RECORDS SHOWN =
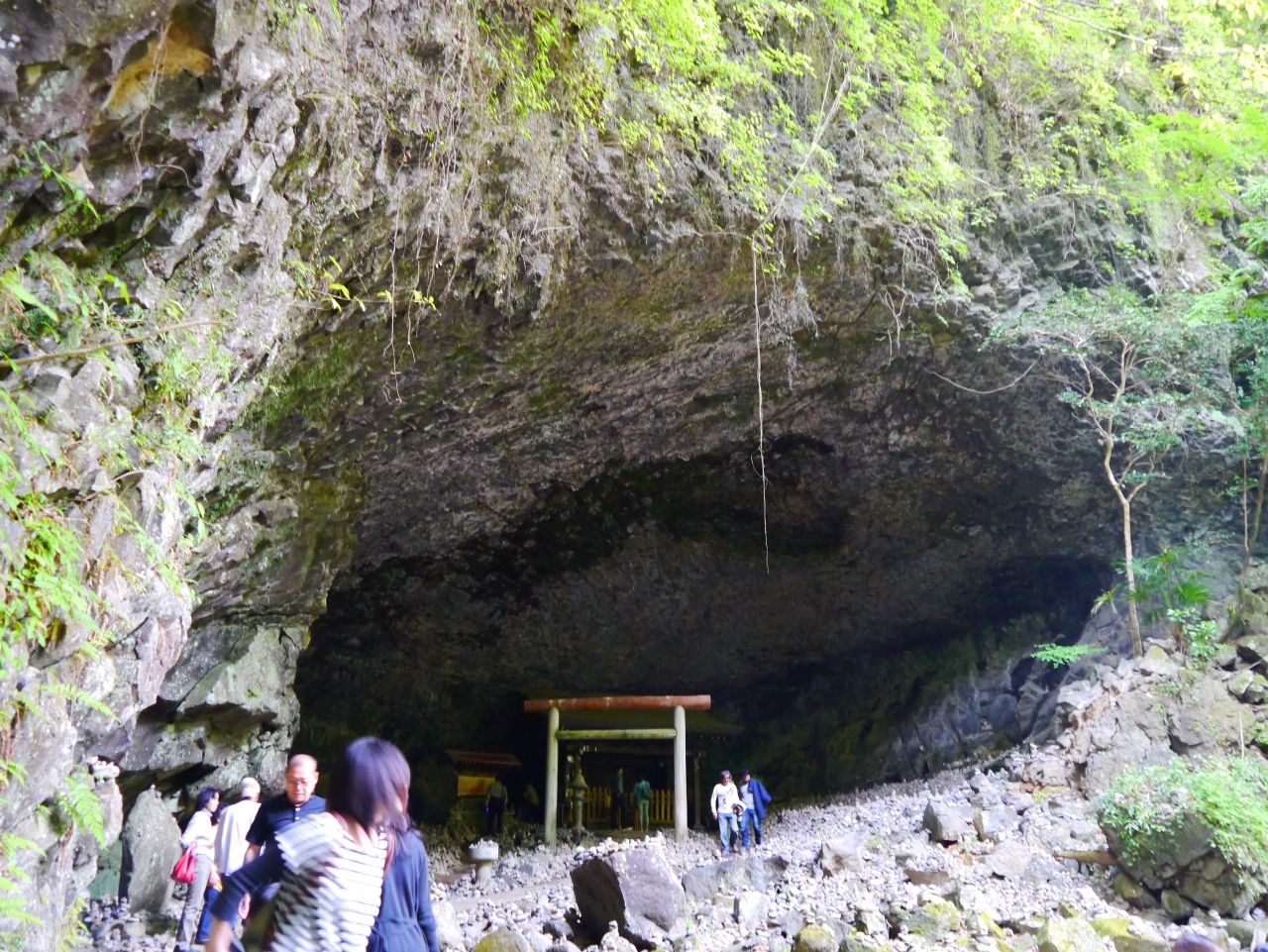 高千穂峡の帰りに行きました。30分程遊歩道をどんどん下っていくと、そこに天照大御神が隠れたと言われているおおきな洞窟があります。たくさんの岩が祀られて?います。何とも厳かな気分になります。傍にはきれいな川が流れています。
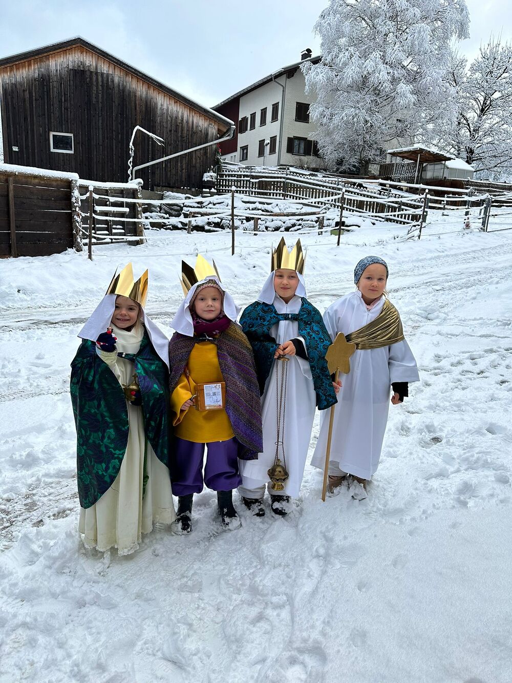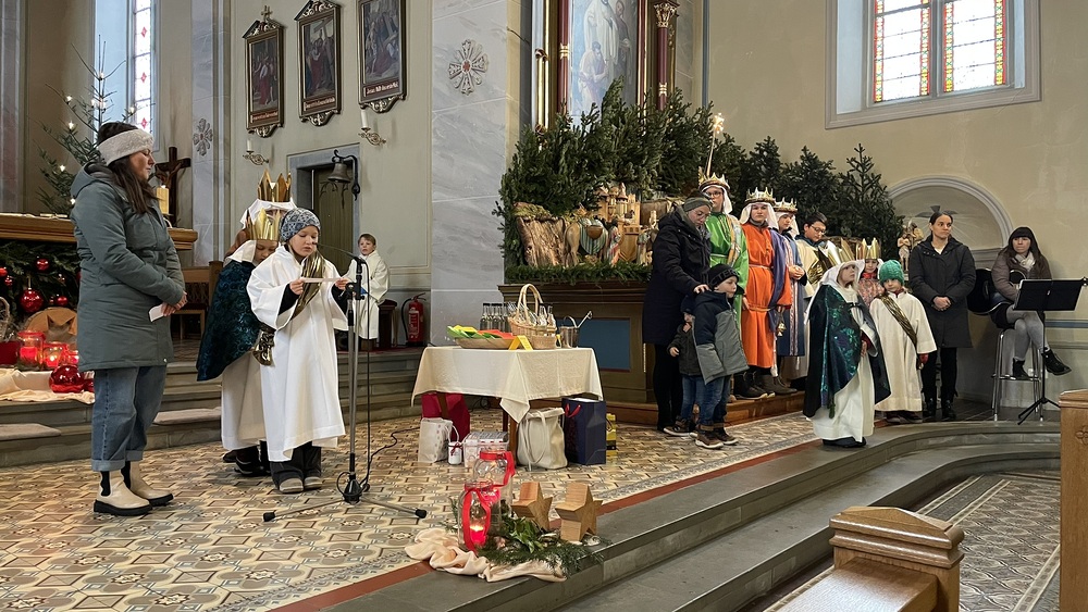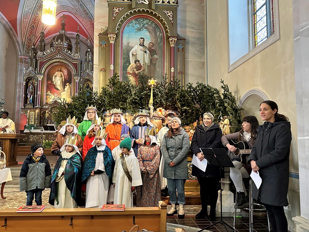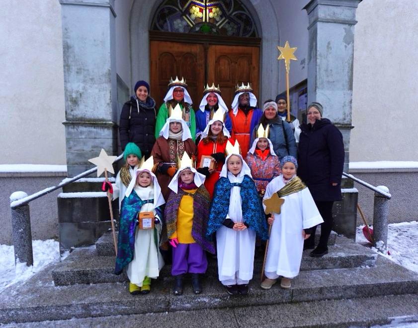Bei der Dreikönigsmesse am Sonntag, den 05. Jänner zogen alle Könige gemeinsam mit den Sternträgern in die Kirche ein und gestalteten als „Sternsingerchörle“ gemeinsam mit Darina Gassner den Gottesdienst musikalisch.
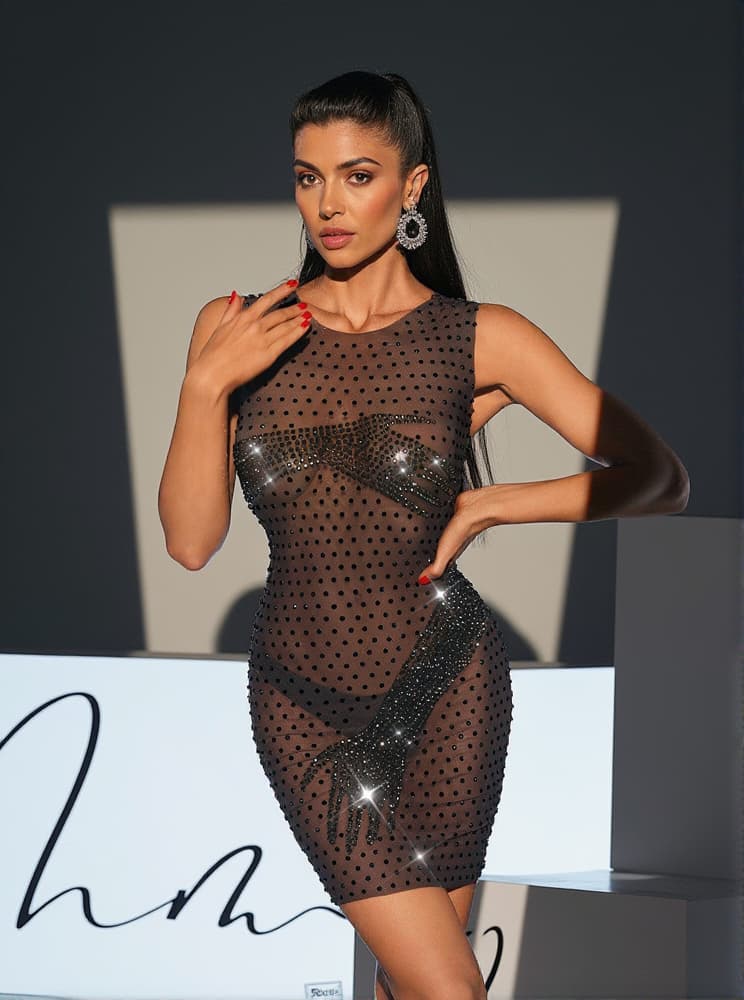 Introducing the Billy Sleeveless Hands Illusion Mesh Dress. Made with high-quality materials, this dress features a unique hands illusion mesh design that adds an extra touch of elegance. With a flattering sleeveless cut, it's the perfect dress for any special occasion or night out. Upgrade your style game with this must-have addition to your wardrobe.
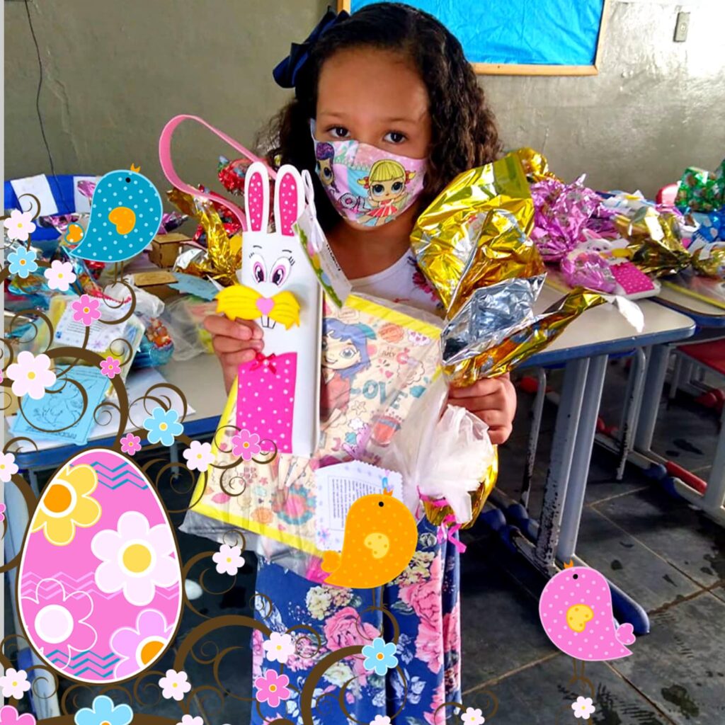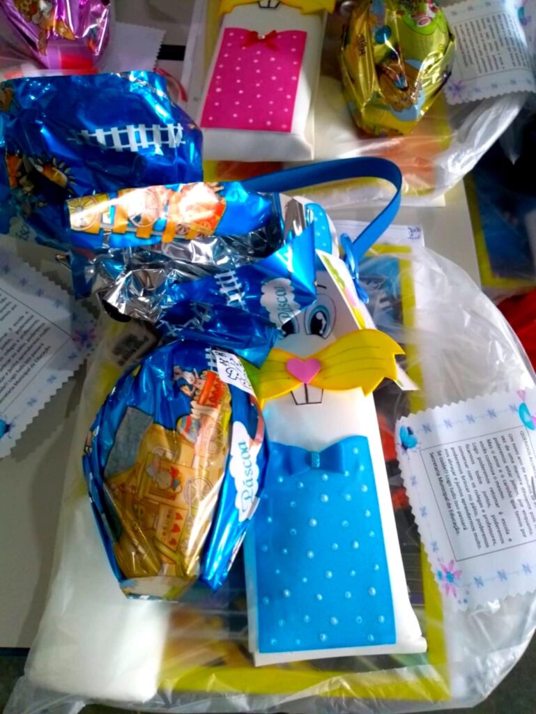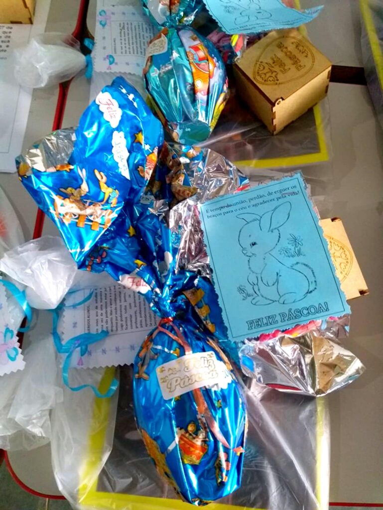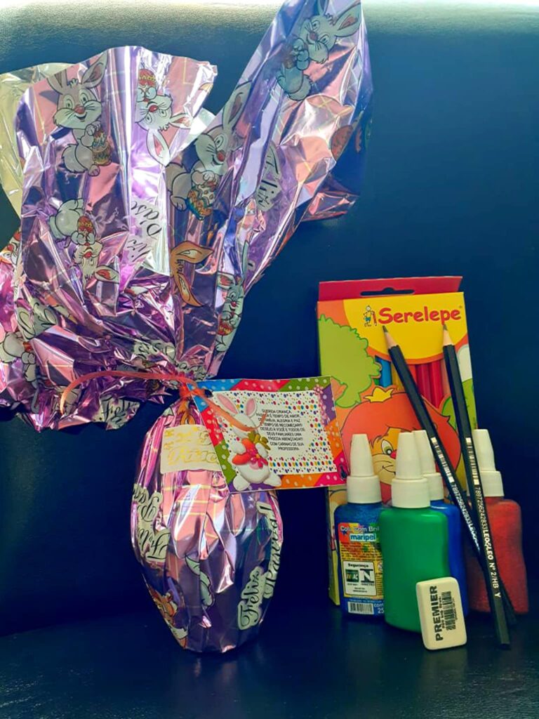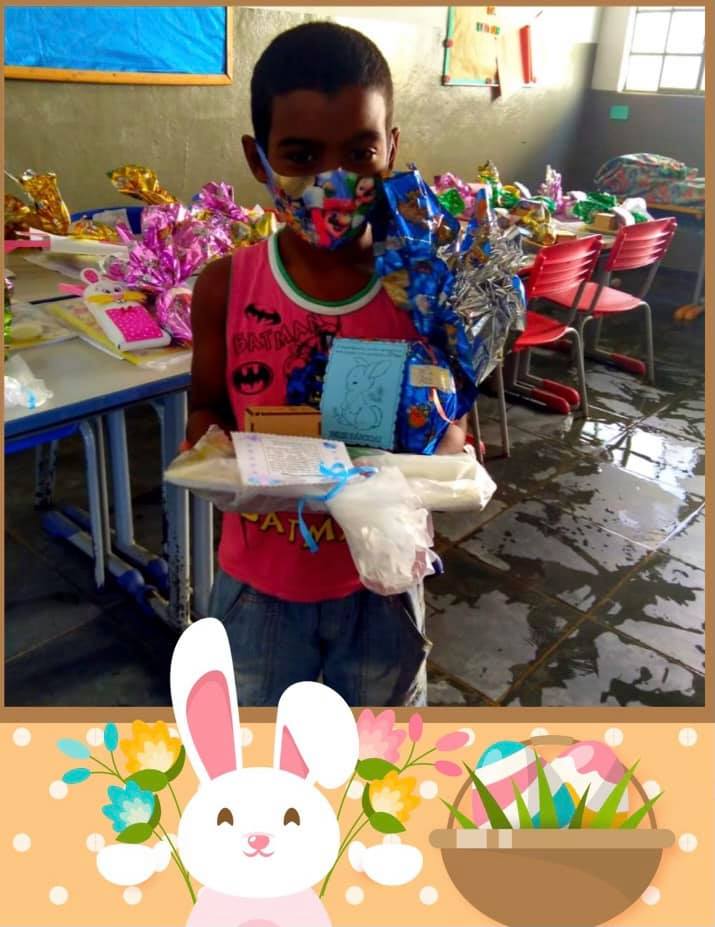 Em comemoração à Páscoa, durante a semana foram entregues os ovos de Páscoa, kit escolar e desenhos com atividades de colorir para as crianças da rede municipal de educação de São Thomé das Letras. Os itens foram distribuídos para os responsáveis que compareceram nas escolas; devido à pandemia as crianças não puderam estar presentes.
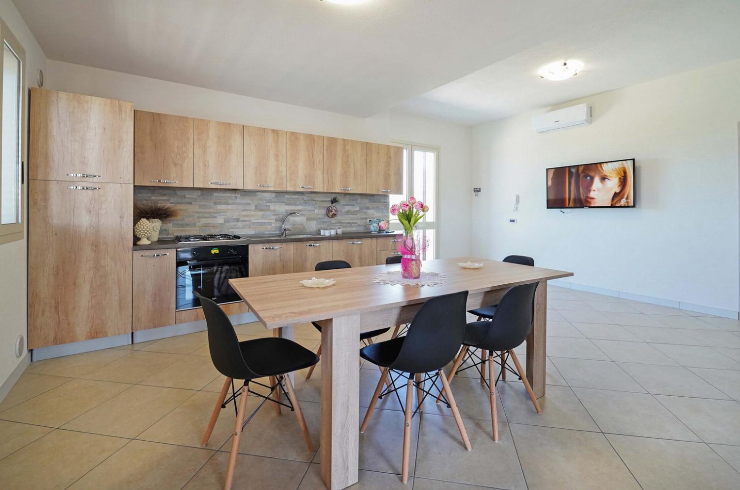 Inside, the air-conditioned open plan living room features a dining area, comfortable sofas, satellite TV, and free Wi-Fi. Patio doors lead out to the pool terrace.
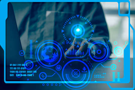 Virtual Business Intelligence Analyst Big data Graphs Charts.Automation RPA innovative technology concept business process on virtual screen
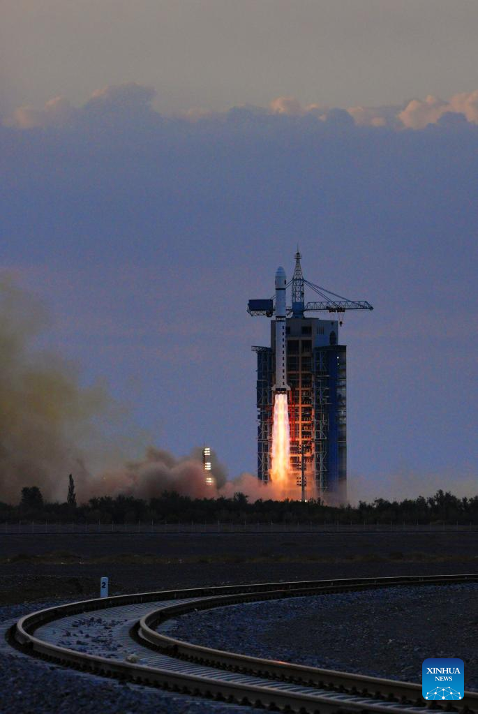 A Long March-2D carrier rocket carrying the Yunhai-1 03 satellite blasts off from the Jiuquan Satellite Launch Center in northwest China, Sept. 21, 2022. The satellite was launched at 7:15 a.m. (2315 GMT Tuesday) and has entered the planned orbit successfully. (Photo by Wang Heng/Xinhua)
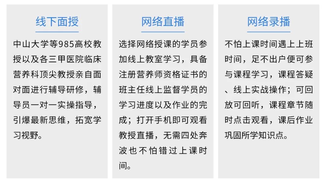 本地学员可现场面授,外地学员可通过直播、录播等形式进行授课,随时随地可点击课程视频进行学习;定期通过社群方式推送营养学相关资讯、考试信息、学习资料
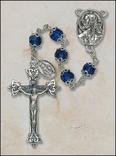 Sacred Heart Rosary w/ Sapphire Crystal Beadss
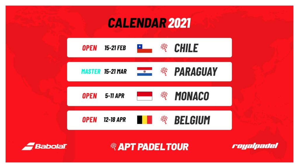 Del 15 al 21 de febrero el circuito APT tiene previsto que, si todo va bien y la pandemia mundial en la que nos encontramos se va controlando y reduciendo sus efectos, se celebren varios encuentros del APT Padel Tour.
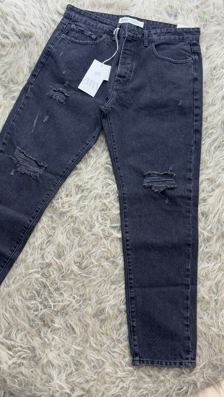 شلوار جین مردانه استریت زاپدار ذغالی تیره کد 10557
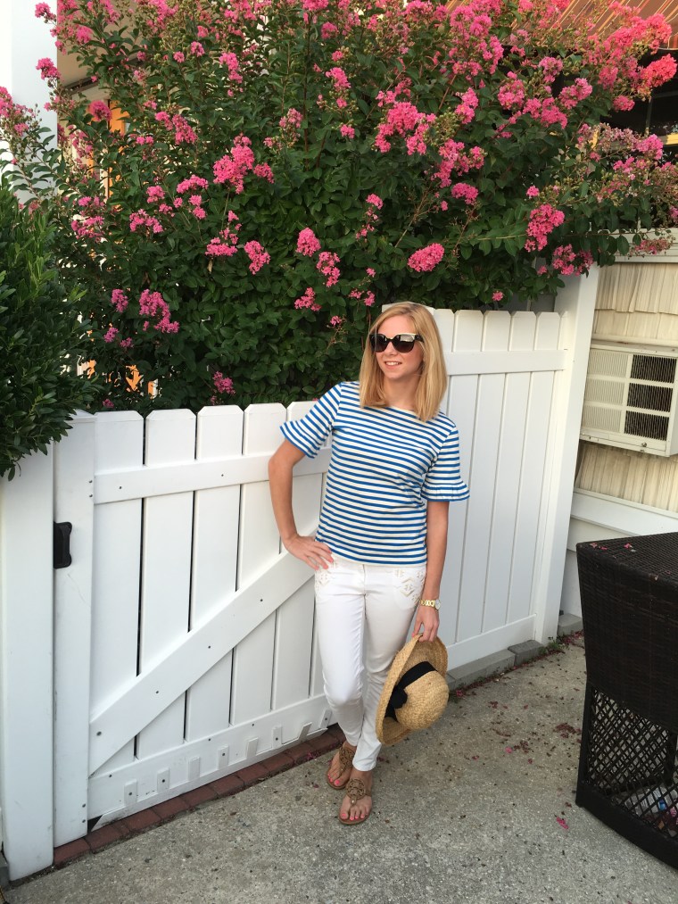 I saw a few bloggers wear this shirt over the summer and I knew that I needed it in my closet! With these hot days we have been having I haven’t worn pants since May, so this chilly Labor Day weather gave me excuse to pull my white jeans out of storage and wear this shirt. I am not ready for summer to be over!

WHAT NEEDS TO BE DONE = Repeat the material exactly, without images.

RESPONSE =
 高千穂峡の帰りに行きました。30分程遊歩道をどんどん下っていくと、そこに天照大御神が隠れたと言われているおおきな洞窟があります。たくさんの岩が祀られて?います。何とも厳かな気分になります。傍にはきれいな川が流れています。
Bei der Dreikönigsmesse am Sonntag, den 05. Jänner zogen alle Könige gemeinsam mit den Sternträgern in die Kirche ein und gestalteten als „Sternsingerchörle“ gemeinsam mit Darina Gassner den Gottesdienst musikalisch.
 Introducing the Billy Sleeveless Hands Illusion Mesh Dress. Made with high-quality materials, this dress features a unique hands illusion mesh design that adds an extra touch of elegance. With a flattering sleeveless cut, it's the perfect dress for any special occasion or night out. Upgrade your style game with this must-have addition to your wardrobe.
 Em comemoração à Páscoa, durante a semana foram entregues os ovos de Páscoa, kit escolar e desenhos com atividades de colorir para as crianças da rede municipal de educação de São Thomé das Letras. Os itens foram distribuídos para os responsáveis que compareceram nas escolas; devido à pandemia as crianças não puderam estar presentes.
 Inside, the air-conditioned open plan living room features a dining area, comfortable sofas, satellite TV, and free Wi-Fi. Patio doors lead out to the pool terrace.
 Virtual Business Intelligence Analyst Big data Graphs Charts.Automation RPA innovative technology concept business process on virtual screen
 A Long March-2D carrier rocket carrying the Yunhai-1 03 satellite blasts off from the Jiuquan Satellite Launch Center in northwest China, Sept. 21, 2022. The satellite was launched at 7:15 a.m. (2315 GMT Tuesday) and has entered the planned orbit successfully. (Photo by Wang Heng/Xinhua)
 本地学员可现场面授,外地学员可通过直播、录播等形式进行授课,随时随地可点击课程视频进行学习;定期通过社群方式推送营养学相关资讯、考试信息、学习资料
 Sacred Heart Rosary w/ Sapphire Crystal Beadss
 Del 15 al 21 de febrero el circuito APT tiene previsto que, si todo va bien y la pandemia mundial en la que nos encontramos se va controlando y reduciendo sus efectos, se celebren varios encuentros del APT Padel Tour.
 شلوار جین مردانه استریت زاپدار ذغالی تیره کد 10557
 I saw a few bloggers wear this shirt over the summer and I knew that I needed it in my closet! With these hot days we have been having I haven’t worn pants since May, so this chilly Labor Day weather gave me excuse to pull my white jeans out of storage and wear this shirt. I am not ready for summer to be over!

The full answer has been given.